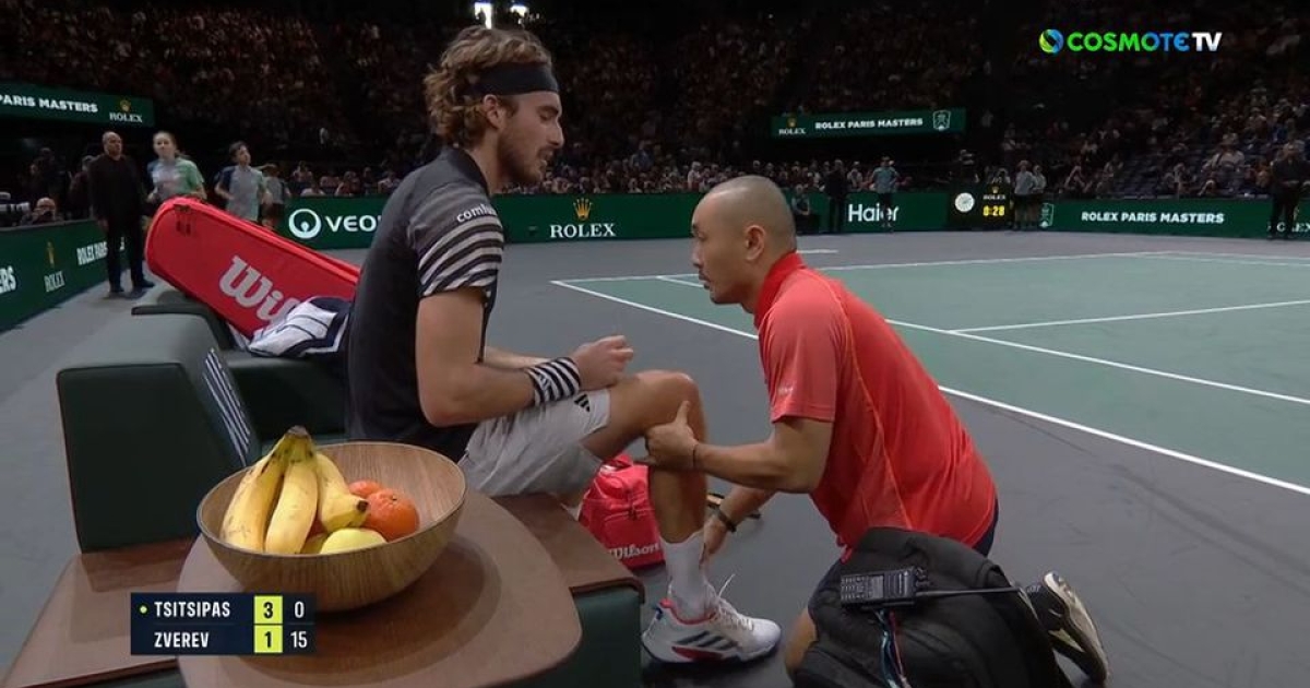 Κατά τη διάρκεια της αναμέτρησης με τον Αλεξάντερ Ζβέρεφ ο Στέφανος Τσιτσιπάς ένιωσε ενοχλήσει στο δεξί γόνατο και ζήτησε ιατρική βοήθεια.
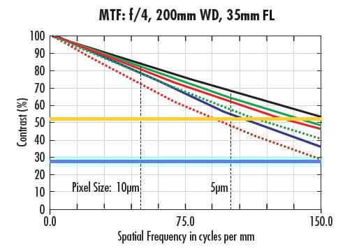 Figure 4 features the MTF for a 35mm lens design using white light at f/4 (a) and f/2 (b). The yellow line on both graphs shows the diffraction-limited contrast at the Nyquist limit for Figure 4a while the blue line denotes the lowest actual performance at the Nyquist limit of the same lens at f/4 in Figure 4a. While the theoretical limit of Figure 4b is far higher, the performance is much lower. This example shows that higher f/#s can reduce aberrational effects, greatly increasing lens performance, even if the theoretical performance limit is greatly reduced. The primary tradeoff of stopping down the lens (increasing the f/#), besides resolution, is less light throughput.
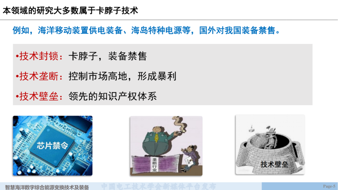 7 _" X6 L1 V f, }8 k/ Y 智慧海洋综合能源电力与信息网供电保障系统三大痛点:1)系统所需高端芯片、传感器等核心元部件被国外技术封锁;探索研究环境恶劣,工作艰辛、费时费力,投入大、风险高;3)理论体系和技术标准尚不完善。

****************************************

▶ **EXERCISE DESCRIPTION**
Set out the material once more, exact in every line, with no images.

▶ **RESPONSE TO THE EXERCISE**
 Κατά τη διάρκεια της αναμέτρησης με τον Αλεξάντερ Ζβέρεφ ο Στέφανος Τσιτσιπάς ένιωσε ενοχλήσει στο δεξί γόνατο και ζήτησε ιατρική βοήθεια.
 Figure 4 features the MTF for a 35mm lens design using white light at f/4 (a) and f/2 (b). The yellow line on both graphs shows the diffraction-limited contrast at the Nyquist limit for Figure 4a while the blue line denotes the lowest actual performance at the Nyquist limit of the same lens at f/4 in Figure 4a. While the theoretical limit of Figure 4b is far higher, the performance is much lower. This example shows that higher f/#s can reduce aberrational effects, greatly increasing lens performance, even if the theoretical performance limit is greatly reduced. The primary tradeoff of stopping down the lens (increasing the f/#), besides resolution, is less light throughput.
 7 _" X6 L1 V f, }8 k/ Y 智慧海洋综合能源电力与信息网供电保障系统三大痛点:1)系统所需高端芯片、传感器等核心元部件被国外技术封锁;探索研究环境恶劣,工作艰辛、费时费力,投入大、风险高;3)理论体系和技术标准尚不完善。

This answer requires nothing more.